-
Notifications
You must be signed in to change notification settings - Fork 0
Build with default UM7 optimisation levels set at the top level #170
New issue
Have a question about this project? Sign up for a free GitHub account to open an issue and contact its maintainers and the community.
By clicking “Sign up for GitHub”, you agree to our terms of service and privacy statement. We’ll occasionally send you account related emails.
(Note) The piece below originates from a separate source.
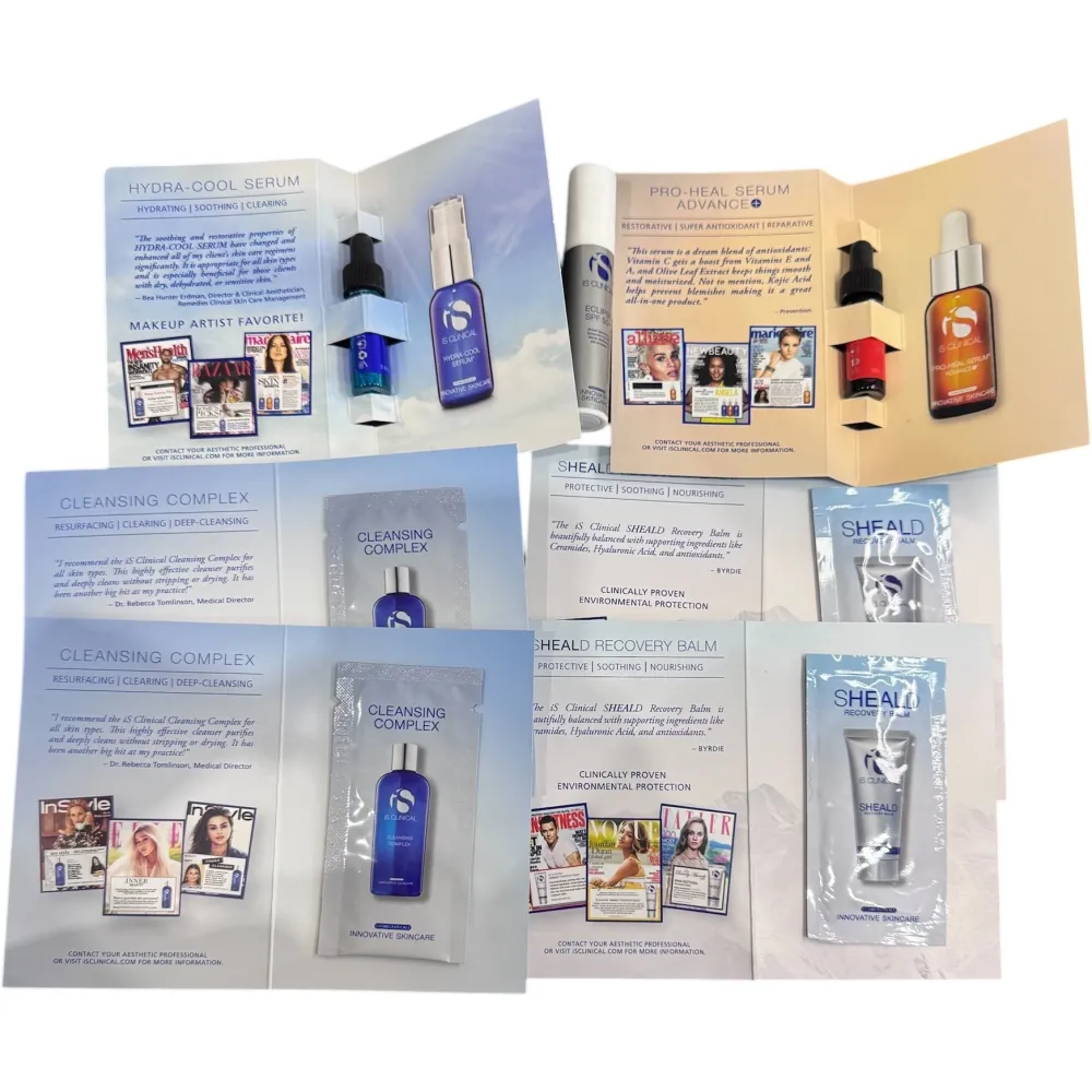 Крем сонцезахисний - iS Clinical Eclipse PerfecTint Beige SPF50+, 10g + Сироватка для обличчя - iS Clinical Pro-Heal Serum Advance+, 3.75ml + Сироватка для особи - iS Clinical Hydra-Cool Serum, 3.75ml + Бальза , 2x3g + Гель для вмивання - iS Clinical Cleansing Complex, 2x2ml

Already on GitHub? Sign in to your account
base: main
Are you sure you want to change the base?
Conversation
|
The model version in the |
|
🚀 Attempted to deploy 🖥️
|
|
🚀 Attempted to deploy 🖥️
|
|
🚀 Attempted to deploy 🖥️
|
|
🚀 Attempted to deploy 🖥️
|
|
🚀 Attempted to deploy 🖥️
|
|
🚀 Attempted to deploy 🖥️
|
|
!redeploy |
|
🚀 Attempted to deploy 🖥️
|
|
🚀 Attempted to deploy 🖥️
|
|
🚀 Attempted to deploy 🖥️
|
|
🚀 Attempted to deploy 🖥️
|
|
🚀 Attempted to deploy 🖥️
|
|
The last build with |
|
🚀 Attempted to deploy 🖥️
|
…th qopt-zmm-high and always vectorise
|
🚀 Attempted to deploy 🖥️
|
|
Interestingly, this last build (with these changes to UM7 SPR) crashed with this error: gc_abort (Processor 192): over-writing due to dim_e_out size
--------------------------------------------------------------------------
MPI_ABORT was invoked on rank 192 in communicator MPI_COMM_WORLD
Proc: [[62655,1],192]
Errorcode: 9
<snip>
forrtl: error (78): process killed (SIGTERM)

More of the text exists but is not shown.